--- DATASET CONTENT ---

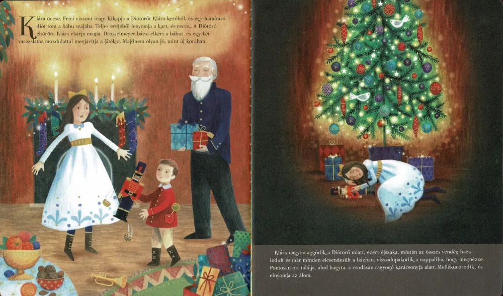 A Napraforgó Könyvkiadó kiadásában megjelent Karácsonyi varázslat: A Diótörő című mesekönyv varázslatos utazásra invitálja az olvasókat egy csodálatos mesevilágba. Az első pillanattól kezdve lenyűgöző élményben lehet részünk, hiszen a könyv csodás, 3D-s élménnyel indul: ahogy kinyitjuk, máris elénk tárul a mese varázslatos világa, és beleszippantja az olvasót az ünnepi hangulat.
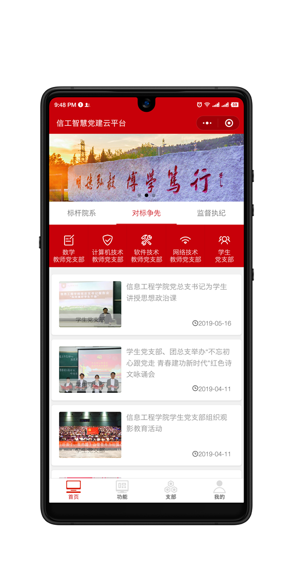 2019年3月,信息工程學(xué)院黨總支獲評山東黨建工作標(biāo)桿院系培育創(chuàng)建單位,為認(rèn)真落實(shí)培育創(chuàng)建要求、重點(diǎn)任務(wù),優(yōu)化創(chuàng)建方案,高質(zhì)量完成建設(shè)任務(wù),信息工程學(xué)院黨總支自2019年初開始設(shè)計(jì)并搭建了“山管信工智慧黨建云平臺”。
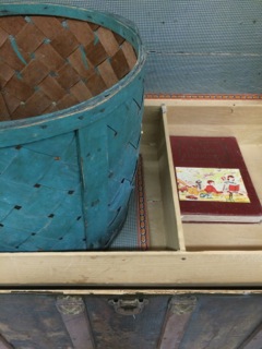 Dealer #95 shows off the interior of a weathered trunk and adds bursts of color and texture in an old book and woven harvest basket.
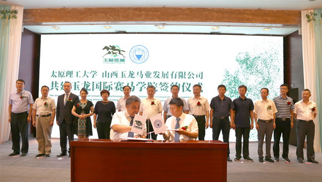 太原理工大學(xué)玉龍國際賽馬學(xué)院是太原理工大學(xué)與山西玉龍馬業(yè)發(fā)展有限公司,本著優(yōu)勢互補、強強聯(lián)合的原則共建的培養(yǎng)賽馬業(yè)和馬術(shù)界高端管理人才辦學(xué)機構(gòu)。2018年8月,雙方簽訂了共建“玉龍國際賽馬學(xué)院”合作協(xié)議,為中國馬業(yè)和教育領(lǐng)域,雙雙填補了國內(nèi)空白。2018年9月雙方在玉龍馬業(yè)舉辦了掛牌儀式。
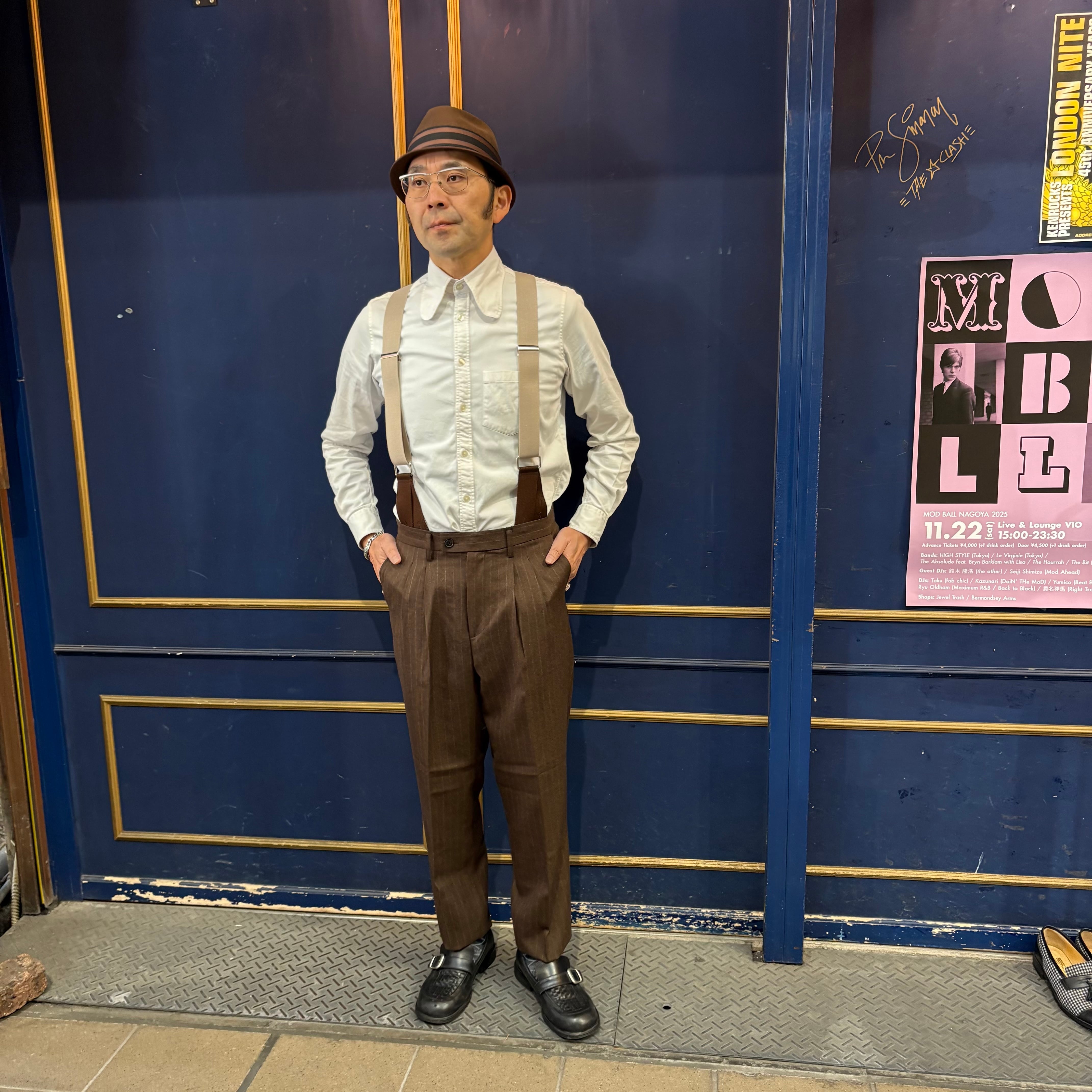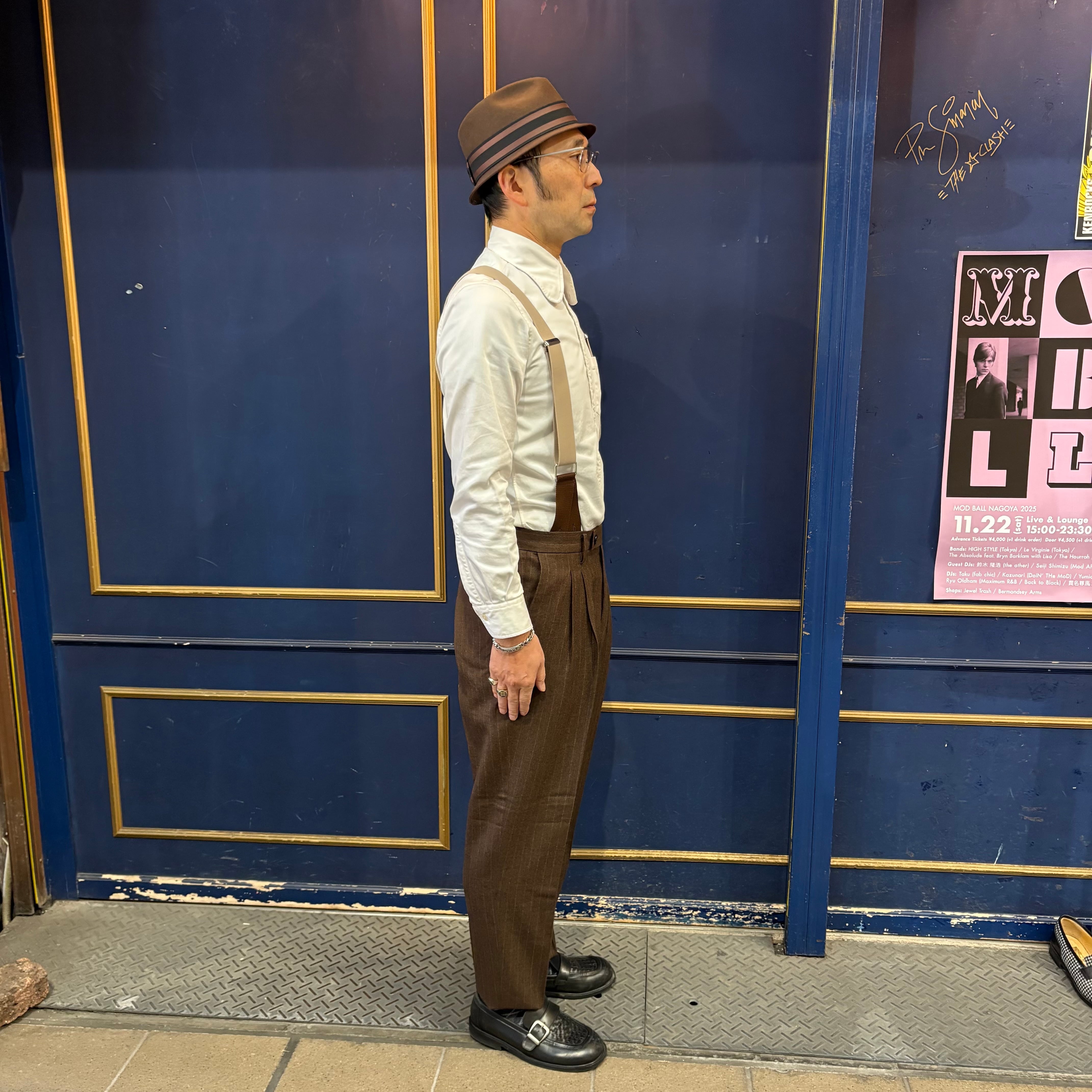 2タックが入った太いワタリから強めの角度でテーパードしていくシルエットで、短靴との相性が非常に良いです。
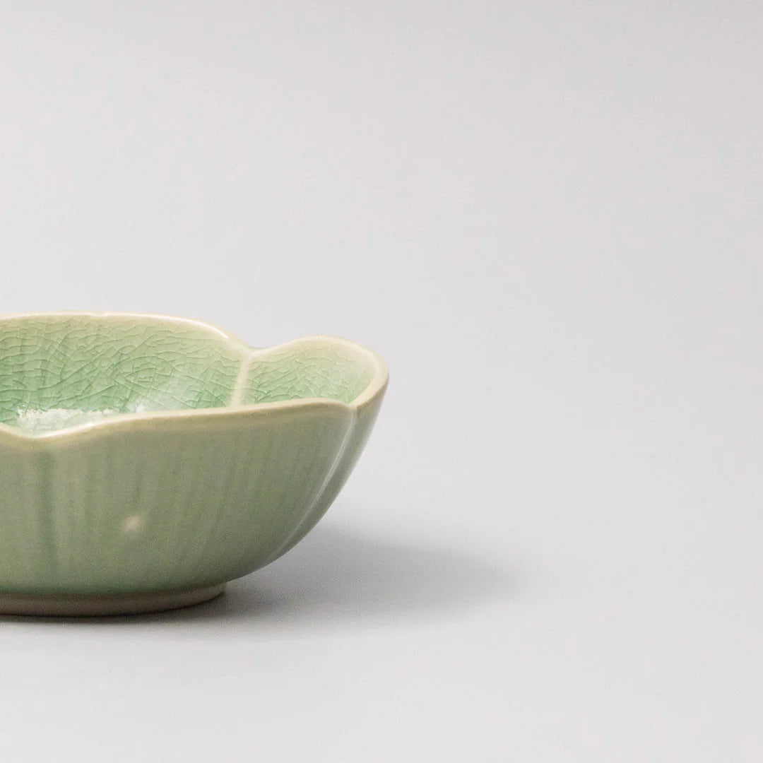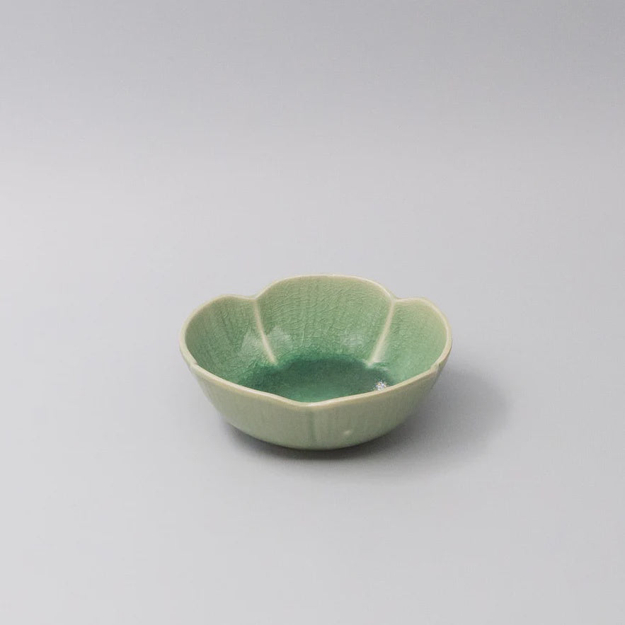 Featuring a delicate flower shaped sauce dish in a beautiful emerald glaze. Made of 'Minoyaki' porcelain, fired at a high temperature and hand finished.
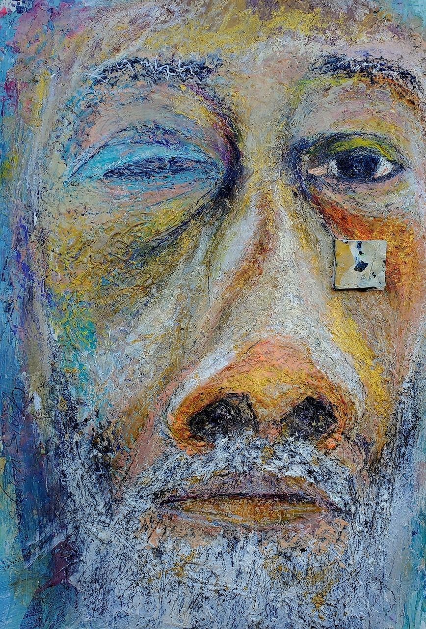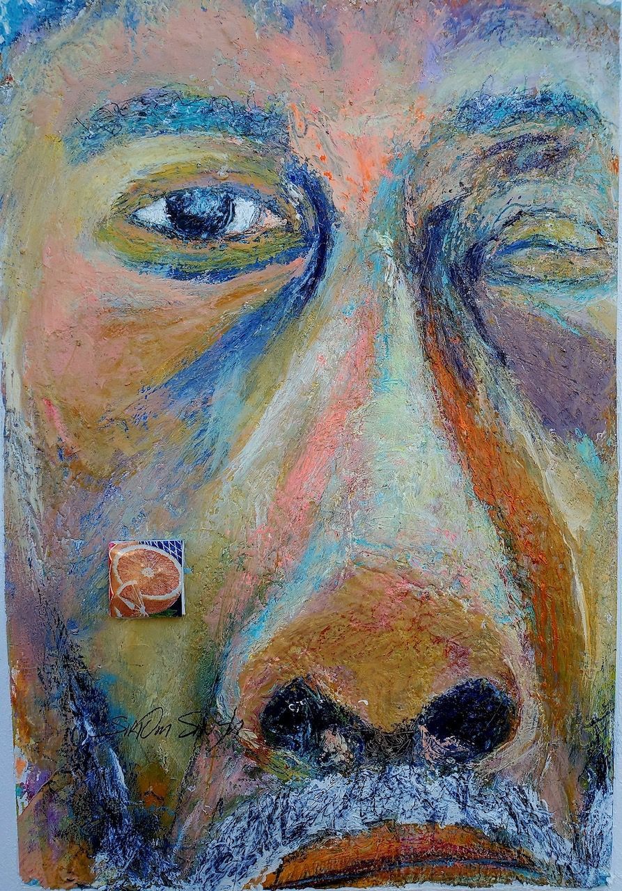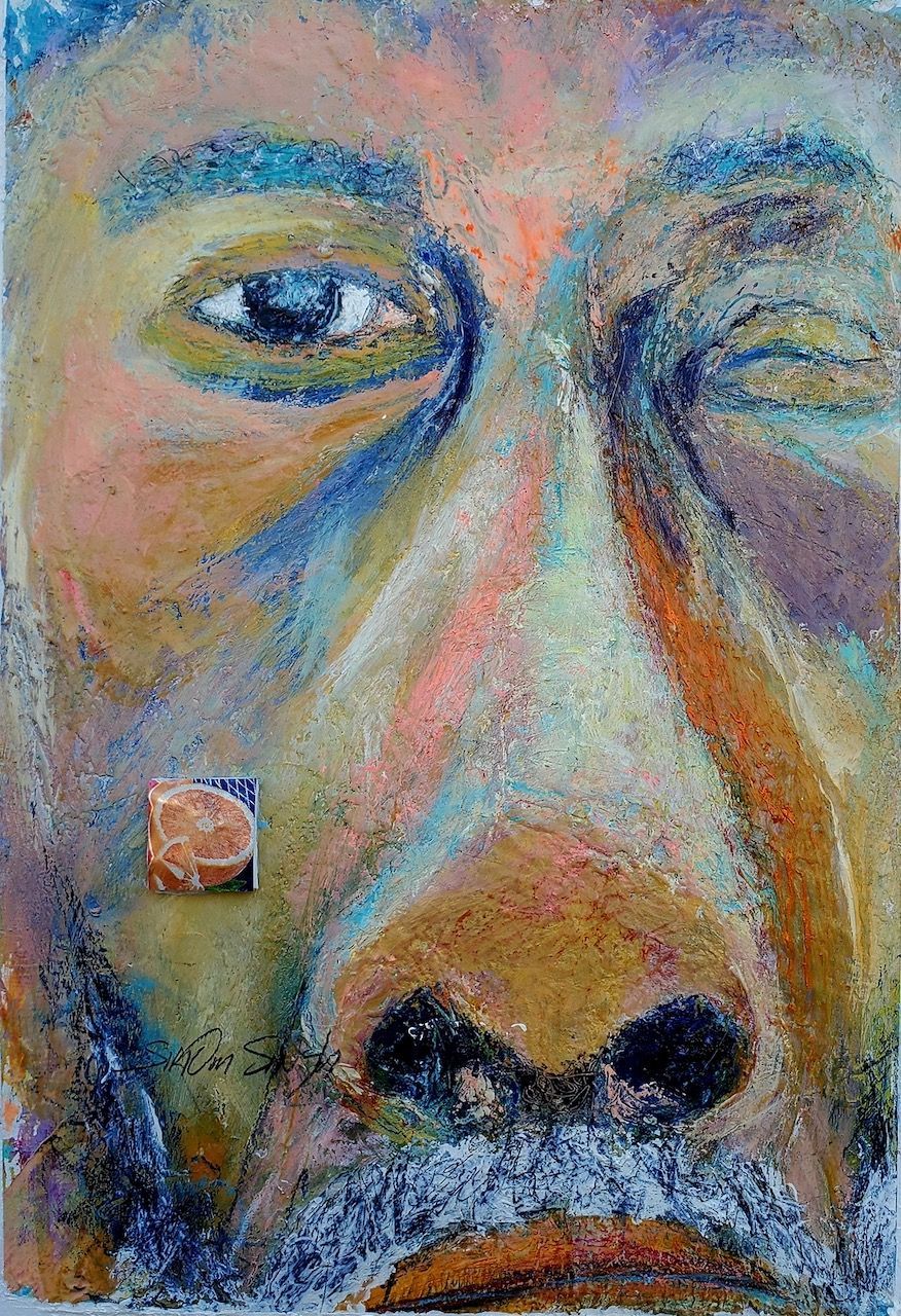 Ahimsa 16x20 acrylic and collage on canvas paper

---

WHAT TO DO. Restate word for word every line from the top of the entries above to the line with "Dealer #95 shows", inclusive, and skip any pictures.

OUTPUT.
 A Napraforgó Könyvkiadó kiadásában megjelent Karácsonyi varázslat: A Diótörő című mesekönyv varázslatos utazásra invitálja az olvasókat egy csodálatos mesevilágba. Az első pillanattól kezdve lenyűgöző élményben lehet részünk, hiszen a könyv csodás, 3D-s élménnyel indul: ahogy kinyitjuk, máris elénk tárul a mese varázslatos világa, és beleszippantja az olvasót az ünnepi hangulat.
 2019年3月,信息工程學(xué)院黨總支獲評山東黨建工作標(biāo)桿院系培育創(chuàng)建單位,為認(rèn)真落實(shí)培育創(chuàng)建要求、重點(diǎn)任務(wù),優(yōu)化創(chuàng)建方案,高質(zhì)量完成建設(shè)任務(wù),信息工程學(xué)院黨總支自2019年初開始設(shè)計(jì)并搭建了“山管信工智慧黨建云平臺”。
 Dealer #95 shows off the interior of a weathered trunk and adds bursts of color and texture in an old book and woven harvest basket.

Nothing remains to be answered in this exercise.